Has this Social Housing merger delivered a pioneering pension solution?

14 Oct 2010 Voices

David Davison analyses a recent merger between two social housing providers.

David Davison analyses a recent merger between two social housing providers.  

It was really interesting to read that two Housing Associations, Chester & District Housing Association and Cosmopolitan Housing Association are consulting tenants over a possible merger.

If successful the merged organisation will have assets in the region of £875m and 12,500 properties across Cheshire, Merseyside and Lancashire.

With more than 1,200 registered social landlords in England bracing themselves for cuts to government grants and rent levels consolidation seems an inevitable result.

The National Housing Federation, which represents registered social landlords, expects grant cuts of up to 30 per cent after the comprehensive spending review with other income being squeezed as benefits, which most tenants rely on to pay the rent, are cut.

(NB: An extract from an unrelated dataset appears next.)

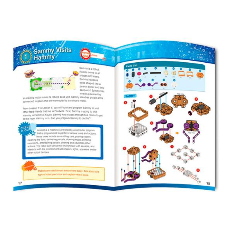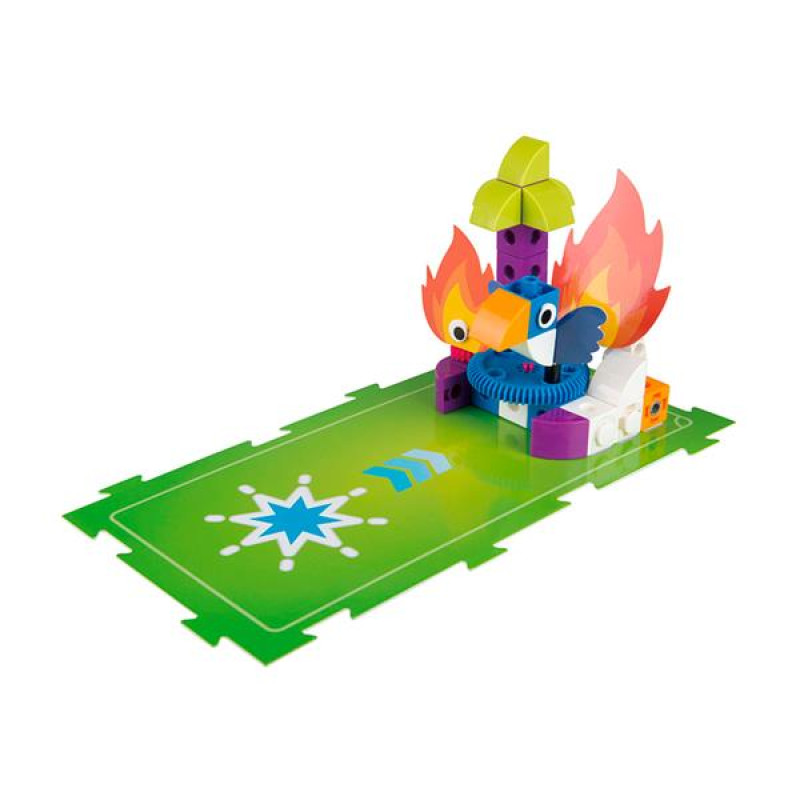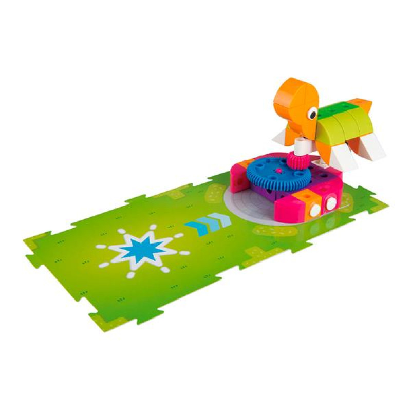 Діти можуть вивчити основи програмування з цим набором. Вони виконують практичні завдання на уроках із роботом і картами кодів. У комплекті багато сценаріїв та історій для веселого навчання.Це чудова гра для вивчення логіки основ програмування, яка не потребує додаткових технологій, таких як планшети або смартфони.У наборі є 108 карт кодів, 16 карт маршрутів, 3 базові карти маршрутів, 1 роботизований базовий блок і різні будівельні блоки для збирання моделей.Базовий блок зчитує карти кодів, які дають команди рухатися (вперед, назад, поворот направо, поворот наліво, пауза, крутіння). У базовому блоці є зовнішній механізм, який може взаємодіяти з іншими моделями або функціями робота. Є звукові та світлові ефекти.У наборі також контейнер для сортування та зберігання деталей (арт. 1032). Додатково потрібні батареї 3 х AA/LR06 (не в комплекті).Продукт також включаєРобочий зошит А (20 курсів) для дитячого садка.Робочий зошит B (20 курсів) для початкової школи (опціонально).Керівництво для вчителя в електронній формі.Інтелектуальне керівництво у вигляді веб-сервісу.Відео як працюють готові моделі.

Derek Long, head of the north of England for the Federation, said there were likely to be more mergers. “Housing associations are facing a perfect storm. Government cuts in benefits will mean less cash for associations at just the moment when they will be pressed both to build more affordable homes and fill in the gaps left by the ‘Big Society’. When councils and the state retreat, associations will be left holding the baby.”

Alongside this needs to be placed research from CapacityBuilders which highlighted that only 5 per cent of mergers have been successful in the last 2 years with 18 per cent abandoned before completion and about three-quarters, therefore, in a state of limbo.

A major issue cited in the breakdown of merger negotiations is the presence of a final salary pension scheme and I have commented on some of the issues previously. 

Interestingly, such issues are likely to exist in the Chester & District/Cosmopolitan case as I understand that one association participates in the Local Government Pension Scheme (“LGPS”) while the other also provides final salary pension benefits via either this route or an alternative defined benefit arrangement.

Should both schemes participate in LGPS then the pension issues may be easier to resolve as benefits and contributions are likely to be more consistent and the process to merge benefits a much more well trodden path. However should the schemes be different then the pension merger required is likely to be much more complex as there would undoubtedly be fundamental differences in benefits and costs, and evaluating these differences and the associated costs more difficult.

Critically there would be a need to make sure that the cessation debt in either or both schemes was avoided as this could be a very significant sum and frequently many times the level of any advantage to be gained from the merger.  

If successful this, and the merger expected to complete in March 2011 between Vicinity and Contour, also in the North-West, could be a pioneer solution for the sector especially if as part of the process the pension issues have been effectively resolved.